Auri Grow India share price locked in the upper circuit on Wednesday after the company announced a significant strategic shift toward the Environmental, Social, and Governance (ESG) ecosystem with the launch of its AI-driven carbon credit platform, CarbonKrishi. Alongside this development, the company has also received a high-premium investment proposal from a foreign institutional investor, marking a key inflection point in its growth journey.
The newly launched CarbonKrishi platform integrates artificial intelligence, satellite imagery, and soil analytics to enable farmers to adopt climate-positive agricultural practices. The initiative is designed to onboard nearly 100,000 farmers, with a focus on high-intensity agricultural regions across India.
Through verified emission reductions and sustainable farming methods, the platform is expected to generate carbon credits valued between ₹16 crore and ₹50 crore annually. Auri Grow plans to retain a commission of 20-30% on these credits, potentially translating into annual revenues of ₹3 crore to ₹10 crore for the company.
Mr. Pratik Kumar Patel, Director, Auri Grow India Ltd, said, “This initiative marks a pivotal step in Auri Grow India Limited’s evolution toward a technology- and sustainability-driven agri platform. Through CarbonKrishi, our objective is to empower farmers to unlock meaningful incremental income by adopting climate-positive and sustainable farming practices, while simultaneously creating a scalable, asset-light revenue stream for the Company. By leveraging AI, data analytics, and globally recognised verification frameworks, we aim to integrate Indian agriculture into the global carbon credit ecosystem.
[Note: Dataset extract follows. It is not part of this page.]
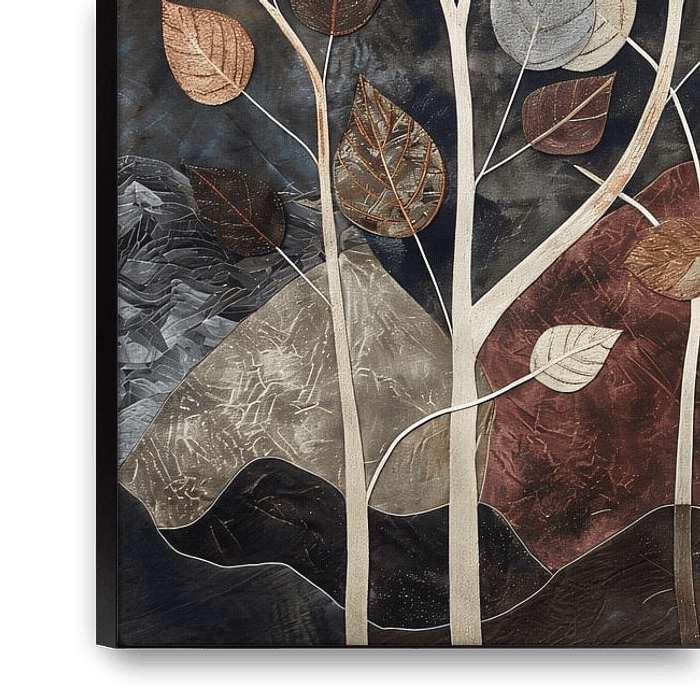 Een collage van bomen en herfstblaadjes in aardetinten met grijsblauw en taupe tinten.

While the opportunity is still evolving, we believe this platform positions Auri Grow to participate in long-term ESG-led value creation for farmers, partners, and shareholders alike.”
In a major financial development, Auri Grow has accepted a Letter of Intent (LoI) from Hong Kong-based Luminary Crown Ltd. The foreign institutional investor has proposed acquiring up to a 24% equity stake in the company at an indicative price of ₹2 per share.
This offer represents a significant premium to the company’s market price of ₹0.75 as of January 6, 2025. The board of directors is currently evaluating potential structures for the investment, including options such as a Rights Issue or Preferential Allotment.
While the proposal does not include immediate management control, the LoI outlines provisions for future board participation and deeper strategic collaboration between the two entities.
The proposed partnership with Luminary Crown is expected to accelerate Auri Grow’s expansion into several premium and technology-driven agricultural segments.
The company plans to strengthen its rice processing and export operations, targeting markets in the GCC and Europe. It is also evaluating entry into hydroponics and aeroponics through a project estimated to cost ₹55 crore, with an annual revenue potential of ₹180-200 crore and an expected net margin of around 13%.
Additionally, Auri Grow intends to expand its organic farming operations by leveraging its existing land bank to support long-term sustainable agriculture initiatives.
These strategic announcements follow a period of sharp financial improvement for the company. In FY24–25, Auri Grow reported revenue of ₹175.55 crore, a substantial jump from ₹16.76 crore in FY23–24.
Net profit for the year rose to ₹7.17 crore, compared with ₹51 lakh in the previous fiscal year, reflecting improved operational efficiency and scale.
Auri Grow’s transformation marks a shift from conventional agri-trading toward a technology-enabled, sustainability-focused business model. The company is no longer focused solely on moving physical produce, but is increasingly capturing the environmental and digital value embedded in how agricultural output is produced.
This pivot positions Auri Grow at the intersection of agriculture, technology, and global ESG markets, potentially opening new long-term growth avenues.
On Wednesday, Auri Grow India's share price was locked at the upper circuit limit of the day at ₹0.77 per share. The stock price has been hitting the upper circuit for the last 3 trading sessions. In the last one month the stock price has gained over 32% while in the last 3 months it is up by 37%.